Assigned task –
Among the entries below, find the line with "Integrated pump body structure" and the line with "Viewing platform at the Waubra Wind Farm.". Return exactly those lines and every line between them, but no pictures.

Data entries –
----------------------------------------
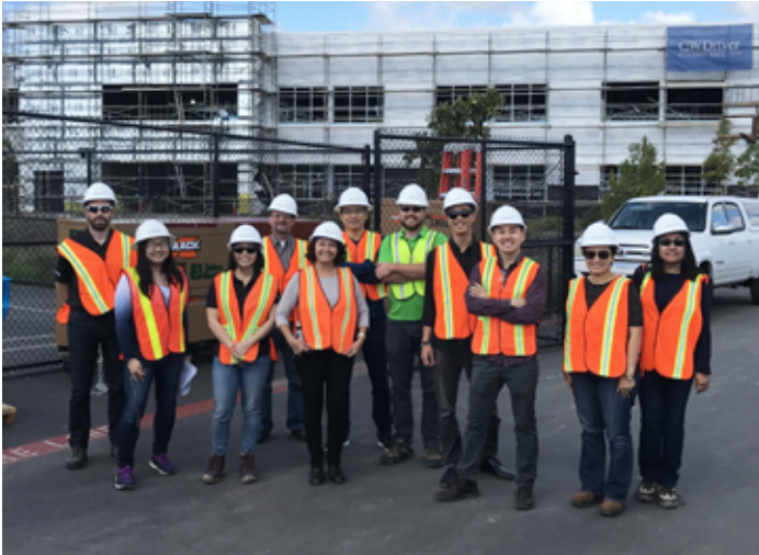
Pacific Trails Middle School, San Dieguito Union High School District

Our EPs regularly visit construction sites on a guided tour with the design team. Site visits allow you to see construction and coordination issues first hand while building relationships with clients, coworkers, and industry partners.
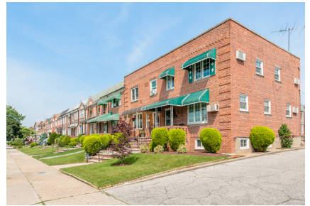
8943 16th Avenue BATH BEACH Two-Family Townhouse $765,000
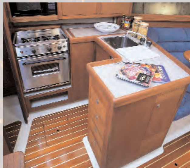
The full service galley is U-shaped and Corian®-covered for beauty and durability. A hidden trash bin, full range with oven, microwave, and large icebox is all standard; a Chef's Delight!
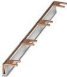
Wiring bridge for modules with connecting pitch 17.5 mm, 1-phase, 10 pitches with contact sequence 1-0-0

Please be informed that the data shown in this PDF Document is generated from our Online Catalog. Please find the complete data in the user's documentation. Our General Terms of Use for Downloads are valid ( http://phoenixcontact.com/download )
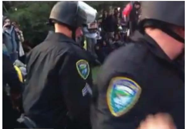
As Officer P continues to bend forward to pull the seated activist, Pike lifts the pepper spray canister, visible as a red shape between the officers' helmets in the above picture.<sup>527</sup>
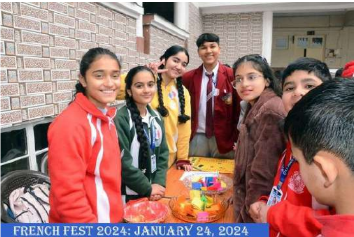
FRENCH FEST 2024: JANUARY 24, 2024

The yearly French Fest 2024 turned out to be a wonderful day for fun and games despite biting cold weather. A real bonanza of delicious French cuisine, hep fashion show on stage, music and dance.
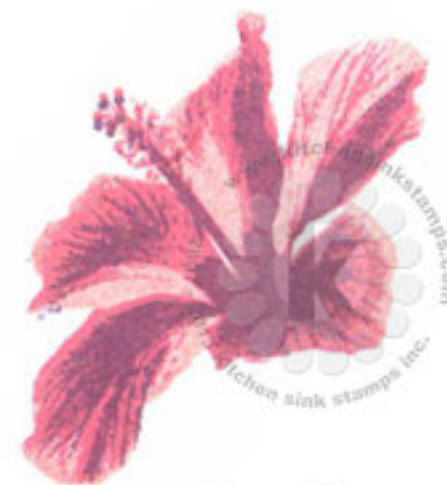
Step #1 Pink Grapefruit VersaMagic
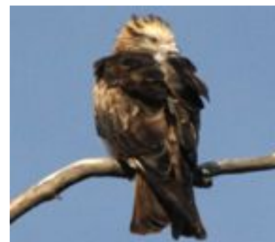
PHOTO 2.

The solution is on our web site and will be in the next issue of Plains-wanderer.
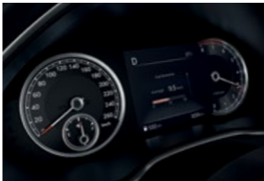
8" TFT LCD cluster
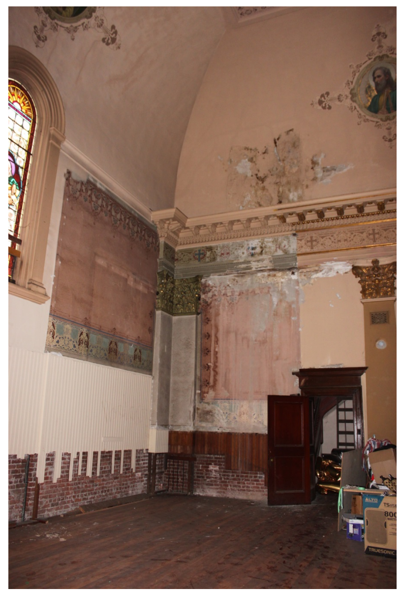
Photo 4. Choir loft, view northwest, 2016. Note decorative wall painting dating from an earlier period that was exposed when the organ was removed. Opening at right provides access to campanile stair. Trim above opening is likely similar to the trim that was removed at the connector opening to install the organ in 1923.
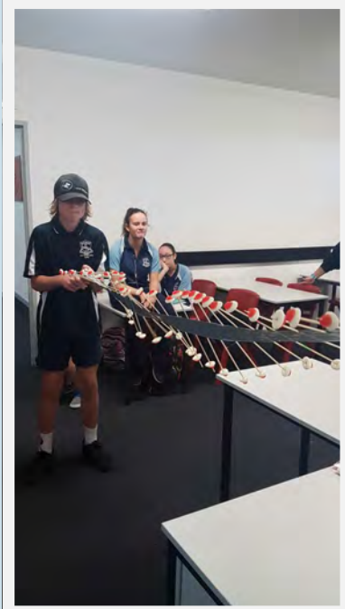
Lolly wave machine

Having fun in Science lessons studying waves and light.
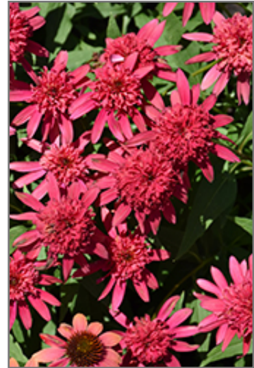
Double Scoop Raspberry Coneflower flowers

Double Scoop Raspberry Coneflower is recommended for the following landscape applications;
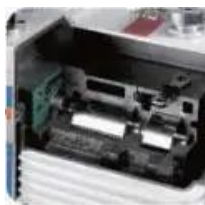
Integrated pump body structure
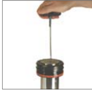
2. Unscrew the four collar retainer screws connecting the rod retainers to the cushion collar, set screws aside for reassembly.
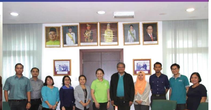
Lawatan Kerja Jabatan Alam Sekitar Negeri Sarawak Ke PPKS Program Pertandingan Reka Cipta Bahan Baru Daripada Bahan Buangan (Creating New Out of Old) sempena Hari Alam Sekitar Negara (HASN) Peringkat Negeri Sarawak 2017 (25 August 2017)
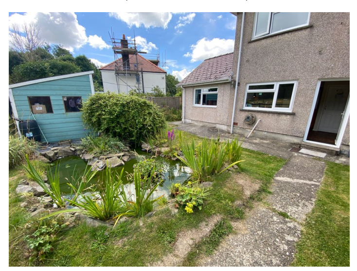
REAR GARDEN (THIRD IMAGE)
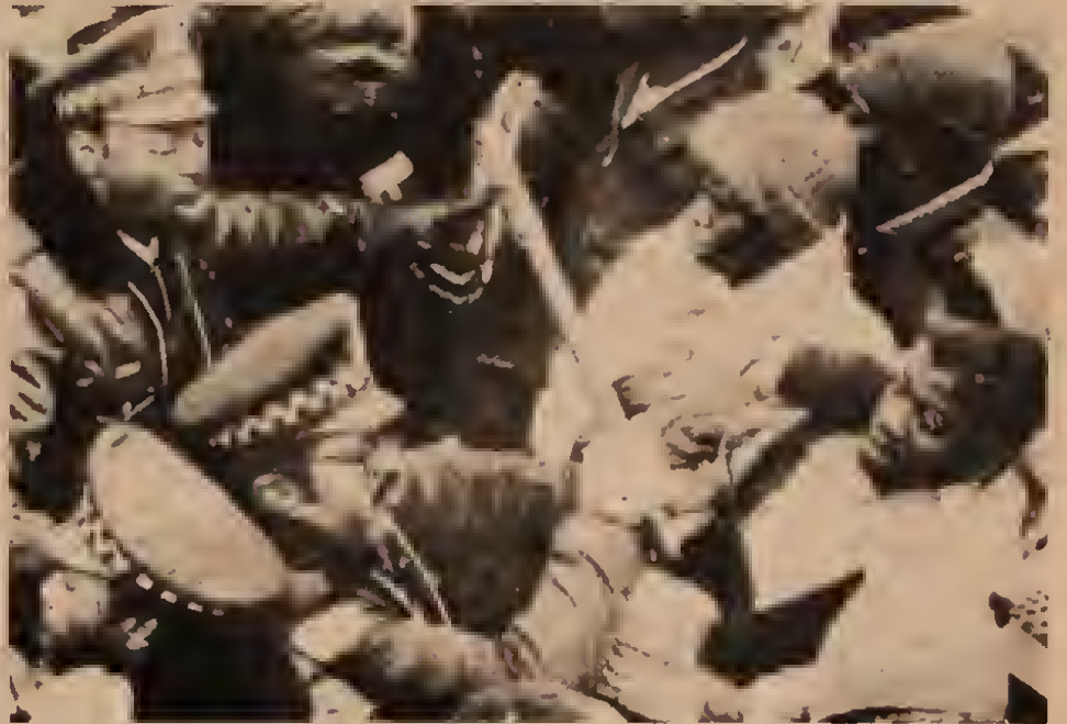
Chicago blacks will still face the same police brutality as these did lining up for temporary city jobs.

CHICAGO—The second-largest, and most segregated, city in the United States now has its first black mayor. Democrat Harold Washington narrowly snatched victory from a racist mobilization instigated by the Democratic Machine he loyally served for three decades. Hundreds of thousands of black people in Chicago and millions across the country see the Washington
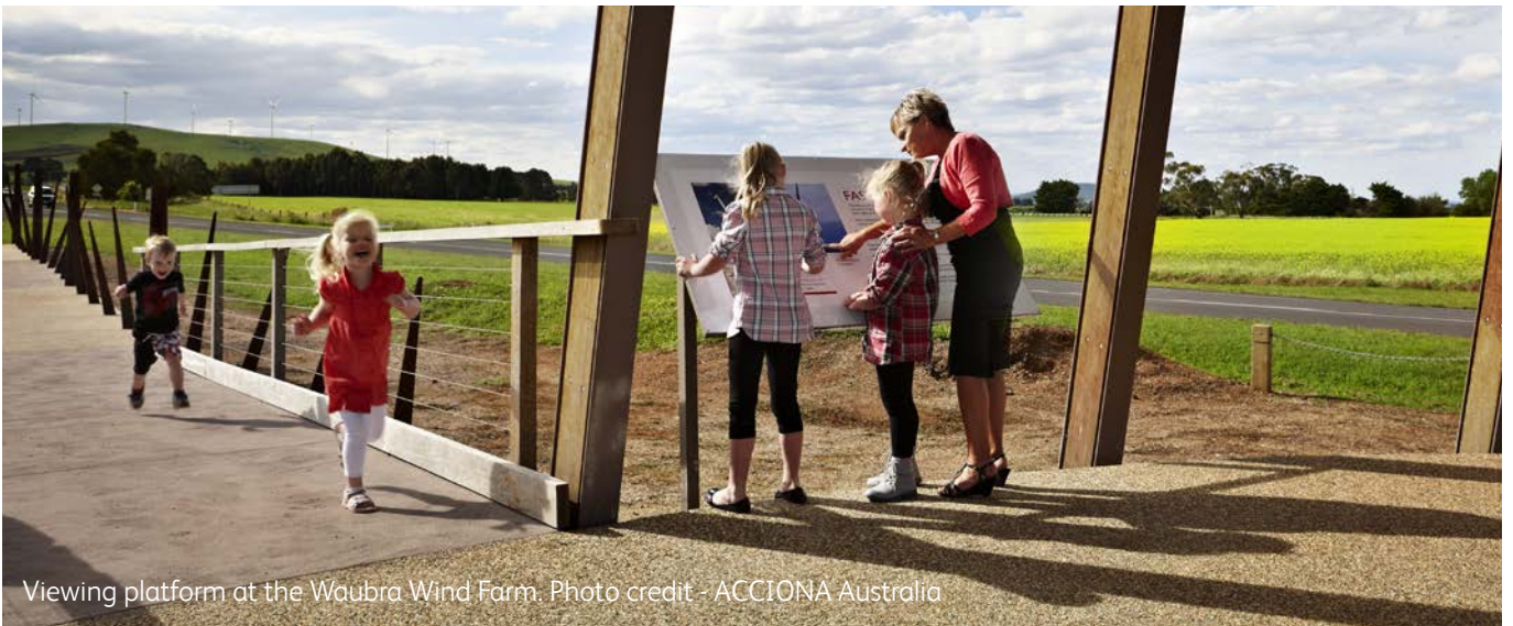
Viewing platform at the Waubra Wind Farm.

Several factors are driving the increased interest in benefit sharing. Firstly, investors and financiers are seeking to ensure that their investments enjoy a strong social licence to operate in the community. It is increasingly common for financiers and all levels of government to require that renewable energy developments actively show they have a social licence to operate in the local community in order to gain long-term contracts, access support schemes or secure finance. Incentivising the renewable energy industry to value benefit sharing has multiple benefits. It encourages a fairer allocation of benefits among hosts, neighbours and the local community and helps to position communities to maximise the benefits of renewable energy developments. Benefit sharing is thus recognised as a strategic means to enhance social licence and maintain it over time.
----------------------------------------
Answer to the problem –
Integrated pump body structure
2. Unscrew the four collar retainer screws connecting the rod retainers to the cushion collar, set screws aside for reassembly.
Lawatan Kerja Jabatan Alam Sekitar Negeri Sarawak Ke PPKS Program Pertandingan Reka Cipta Bahan Baru Daripada Bahan Buangan (Creating New Out of Old) sempena Hari Alam Sekitar Negara (HASN) Peringkat Negeri Sarawak 2017 (25 August 2017)
REAR GARDEN (THIRD IMAGE)
Chicago blacks will still face the same police brutality as these did lining up for temporary city jobs.

CHICAGO—The second-largest, and most segregated, city in the United States now has its first black mayor. Democrat Harold Washington narrowly snatched victory from a racist mobilization instigated by the Democratic Machine he loyally served for three decades. Hundreds of thousands of black people in Chicago and millions across the country see the Washington
Viewing platform at the Waubra Wind Farm.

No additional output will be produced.